Stored data section start

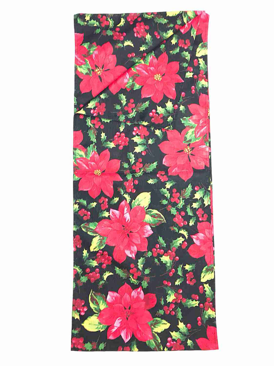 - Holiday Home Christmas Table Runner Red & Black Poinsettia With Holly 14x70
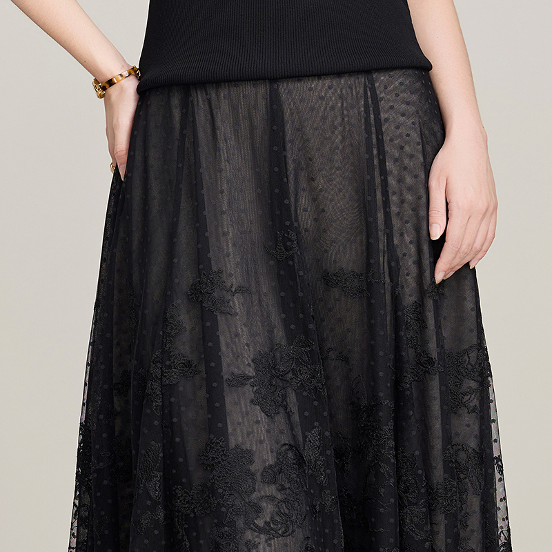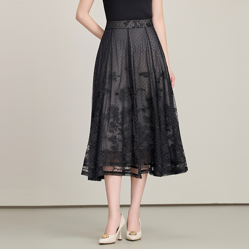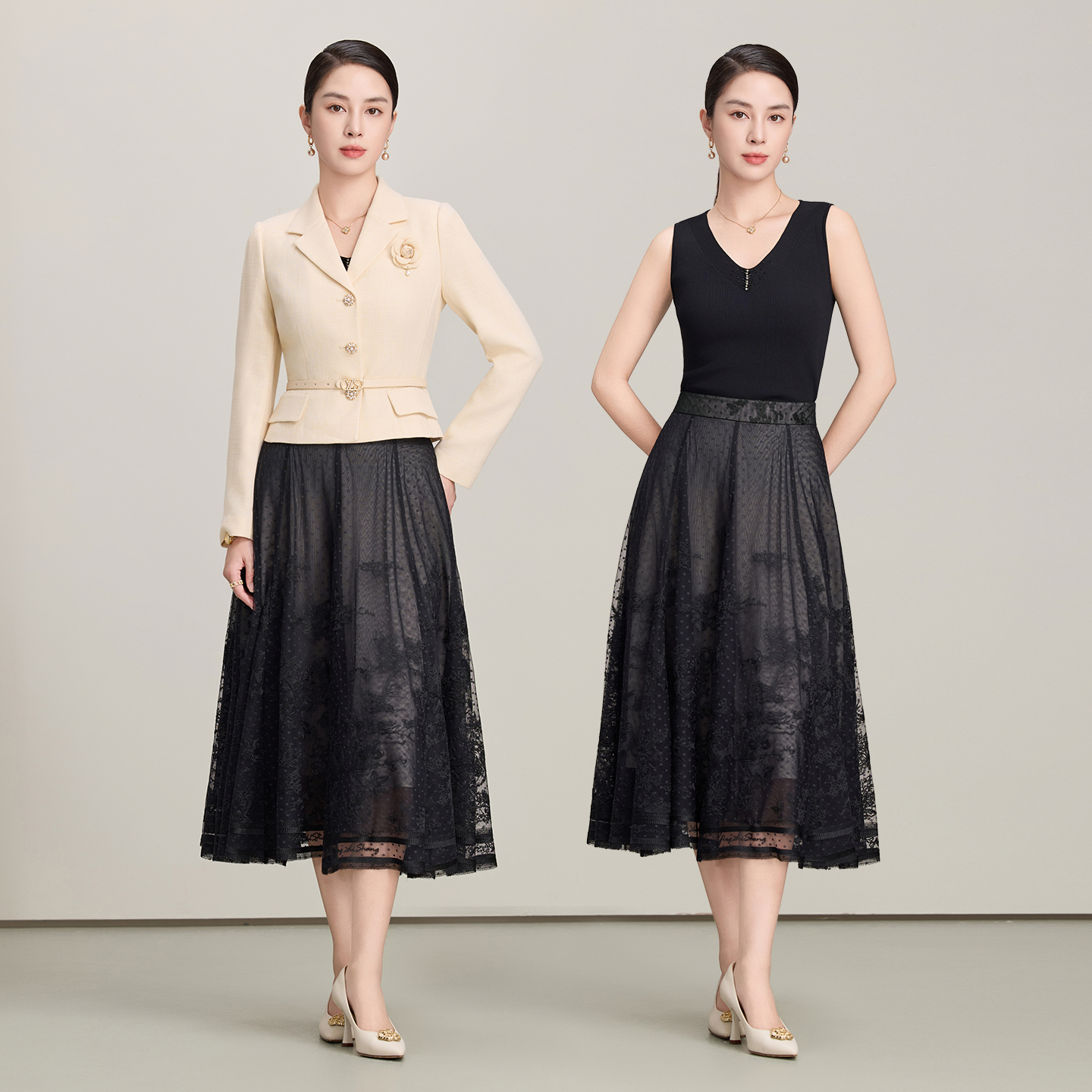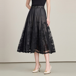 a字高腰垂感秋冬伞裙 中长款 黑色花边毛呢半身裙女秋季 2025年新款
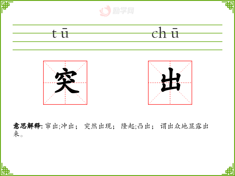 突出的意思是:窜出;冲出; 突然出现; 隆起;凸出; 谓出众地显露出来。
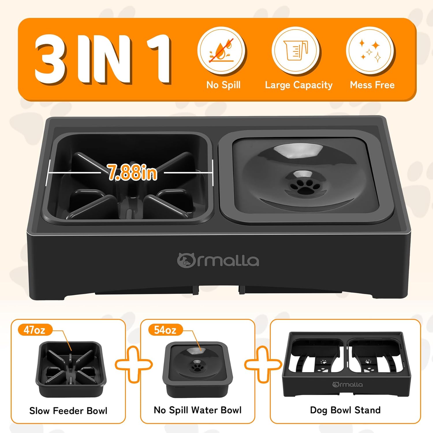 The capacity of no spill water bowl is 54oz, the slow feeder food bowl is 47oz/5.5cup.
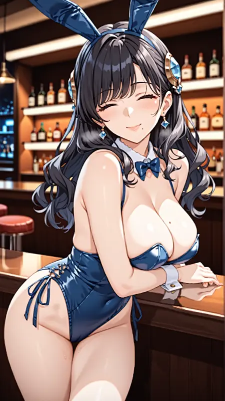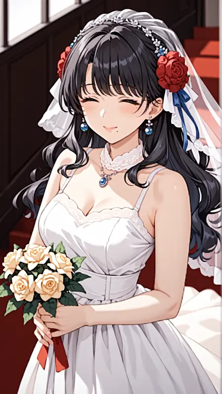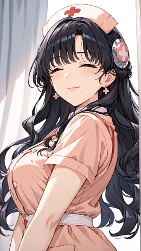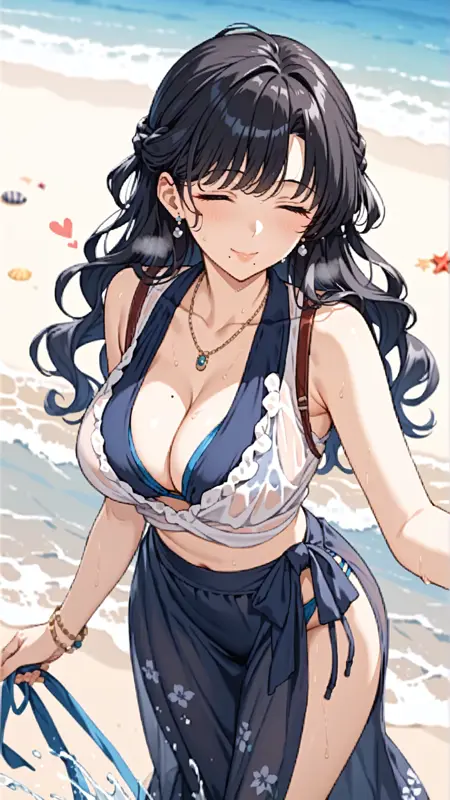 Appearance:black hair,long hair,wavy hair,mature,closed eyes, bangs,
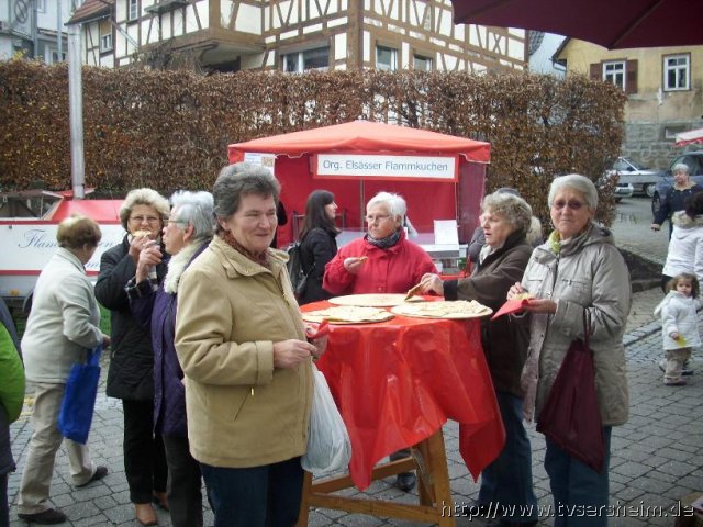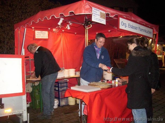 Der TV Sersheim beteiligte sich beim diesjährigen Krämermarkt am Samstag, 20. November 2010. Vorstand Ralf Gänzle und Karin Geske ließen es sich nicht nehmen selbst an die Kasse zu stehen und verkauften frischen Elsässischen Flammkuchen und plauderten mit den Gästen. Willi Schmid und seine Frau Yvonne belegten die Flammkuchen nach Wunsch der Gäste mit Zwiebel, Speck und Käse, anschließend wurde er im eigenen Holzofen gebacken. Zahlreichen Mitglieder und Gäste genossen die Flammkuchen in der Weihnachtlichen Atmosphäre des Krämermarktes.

Stored data section end

- [Prompt]: Without including any picture, repeat the data exactly.

- [Final answer]:
 - Holiday Home Christmas Table Runner Red & Black Poinsettia With Holly 14x70
 a字高腰垂感秋冬伞裙 中长款 黑色花边毛呢半身裙女秋季 2025年新款
 突出的意思是:窜出;冲出; 突然出现; 隆起;凸出; 谓出众地显露出来。
 The capacity of no spill water bowl is 54oz, the slow feeder food bowl is 47oz/5.5cup.
 Appearance:black hair,long hair,wavy hair,mature,closed eyes, bangs,
 Der TV Sersheim beteiligte sich beim diesjährigen Krämermarkt am Samstag, 20. November 2010. Vorstand Ralf Gänzle und Karin Geske ließen es sich nicht nehmen selbst an die Kasse zu stehen und verkauften frischen Elsässischen Flammkuchen und plauderten mit den Gästen. Willi Schmid und seine Frau Yvonne belegten die Flammkuchen nach Wunsch der Gäste mit Zwiebel, Speck und Käse, anschließend wurde er im eigenen Holzofen gebacken. Zahlreichen Mitglieder und Gäste genossen die Flammkuchen in der Weihnachtlichen Atmosphäre des Krämermarktes.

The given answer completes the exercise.